For one read S and one read R, the space complexity of this algorithm is O(n1+n2+w+w),n>>w. So the space complexity of one read is O(n). n is the number of k-mer subsequences which is duplicated.
For the eg1, the running time is 0.001s.
For the eg2, the running time is 117s.
For the eg3, the running time is 184s.
For the eg4, the running time is 12.0s.
The J(R,R') and J'(R,R') are both the index to describe the similarity of two sequence. Of course we can get the exact similarity of two sequences by aligning them, but this process will take too much time. So we choose J(R,R') and J'(R,R') to get the approximate conclusion of sequence similarity. For J(R,R'), we get a k-mer for each base which means there are still so much subsequence to be used to calculate the similarity.

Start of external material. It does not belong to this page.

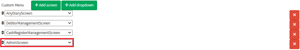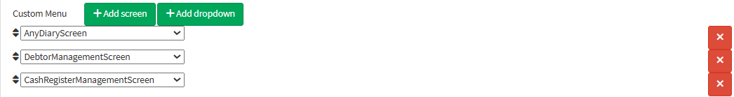 A drop-down field will be added to the list, where a few screens can be placed under a Custom drop-down menu.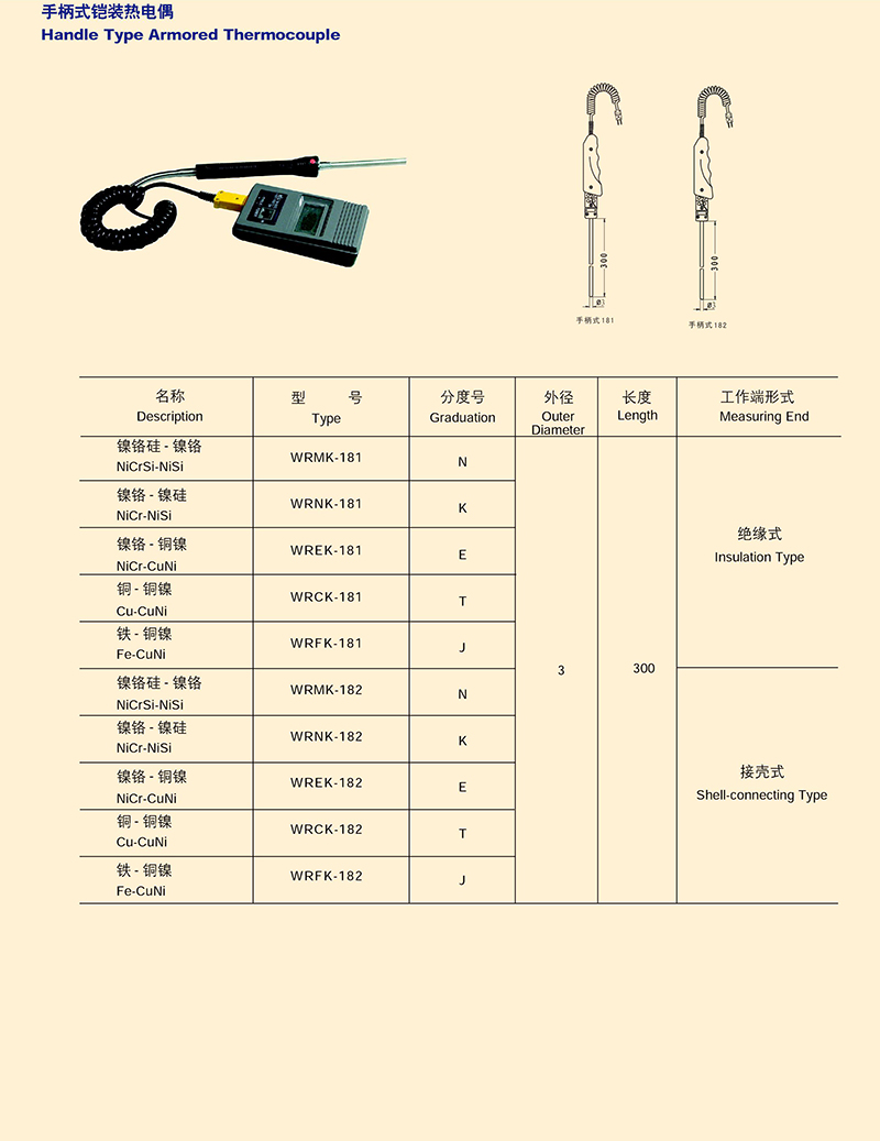 手柄式鎧裝熱電偶

So we also used a new method minimizer to calculate the similarity. In J'(R,R'), the subsequence is the minimum subsequence of a w-length frame so that each the subsequence represents the local sequence information rather than k-mer which only represent the information of a sequence locus. Besides, the minimizer method will reduce the number of subsequences because several adjacent frame may share the same sequence. All in all, k-mer and minimizer are both great methods to calculate the similarity of two sequences in a fast way, we can choose one of them according to different situation of sequence characteristics.